Konrad- I first assemble the model without removing any of the laser burn from the parts. After assembly I lightly sand the edges that will show through the tissue. That way I am not spending time sanding edges that will not show. This makes it pretty easy to clean up the edges and does not take much time.
Paul Bradley
wingbeat
Nov 14, 2009, 05:46 PM
Thanks Paul-
that's very helpful.
Great pics and explanation.
cheers,
'beat
Megowcoupe
Nov 15, 2009, 08:11 PM
In terms of laser char- I've heard that some folks like hydrogen peroxide. I've just never found it to be a big deal though.
Sam
haddy52
Nov 16, 2009, 10:01 PM
I have got my rubber and prop, but am having having trouble getting the loops exactly the same length (4 loops of Tan rubber) Some suggest rubber should be half as long again as rubber from tail anchor to prop hook.Any advice?
PaulBrad
Nov 16, 2009, 10:27 PM
haddy52- When I make up a multiple loop motor that has an even number of loops I start with a single loop. I then fold it in the middle to go from one loop to two loops. A four loop motor gets folded again. The length of starting single loop motor is determined by the appropriate number of multiples of the desired final motor length. By folding a single loop motor you are able to get all the loops the same length.
Paul Bradley
haddy52
Nov 17, 2009, 05:37 AM
Paul i tried that i nailed two nails 440 mm apart and wound rubber around carfully loops extend 2.5 inches past nose. have tried 200 turns,rattles at the end.Flying next,have you tried yours.haddy.
PaulBrad
Nov 18, 2009, 10:26 PM
I have not had an opportunity to fly model number 2 yet. Due to weather in my area I may not get to fly the model until the spring of 2010. My first model is flown on a singe loop of 1/4" rubber. I wind that motor to 1,100 turns. It can take more but my flying site is pretty small. Flight duration for that model in late evening air has been 50 seconds. Duration would be longer with more turns and a braided motor. The motor tends to bunch at the rear of the fuselage near the end of the motor run and that causes the model to stall in the glide. That is actually good as it helps keep the model on the field. The new model being lighter should have better duration. Hence the addition of the DT.
Paul Bradley
haddy52
Dec 21, 2009, 10:24 PM
Paul i flew the ranger hand launched it climbed rapidly into a breeze,summersaulted overhead about 30ft then flew with the breeze in a series of shallow stalls vering to the left its last stall timed just right for a 3 point landing.It needed a small amount of lead for trim might need a bit more,on test glide it flew level there is built in warp in stabiliser, tissue warp.

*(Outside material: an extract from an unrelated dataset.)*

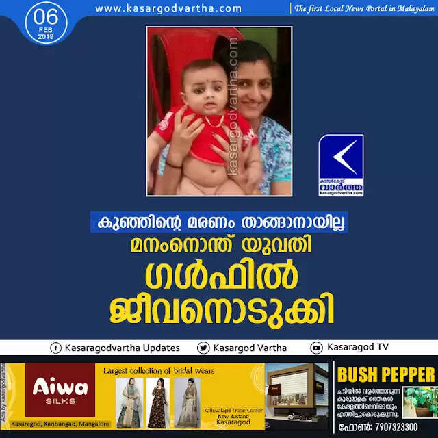 കുഞ്ഞിന്റെ മരണം താങ്ങാനായില്ല; മനംനൊന്ത് യുവതി ഗള്ഫില് ജീവനൊടുക്കി

I built the plane from 3/32 balsa they didnt have 1/16 so it is probaly a bit heavy by comparison. Second flight i cranked it up to 300 turns and bang something gave way the rubber twisted of prop hook and broke tissue down one side of fuse nothing serious. Still having trouble getting rubber loops exact same length.What is a braided motor.
Haddy.
Trisquire
Dec 27, 2009, 05:06 PM
I had a Goldberg Ranger 42 as a kid. It was a foam RC ARF, but I can see the family resemblance.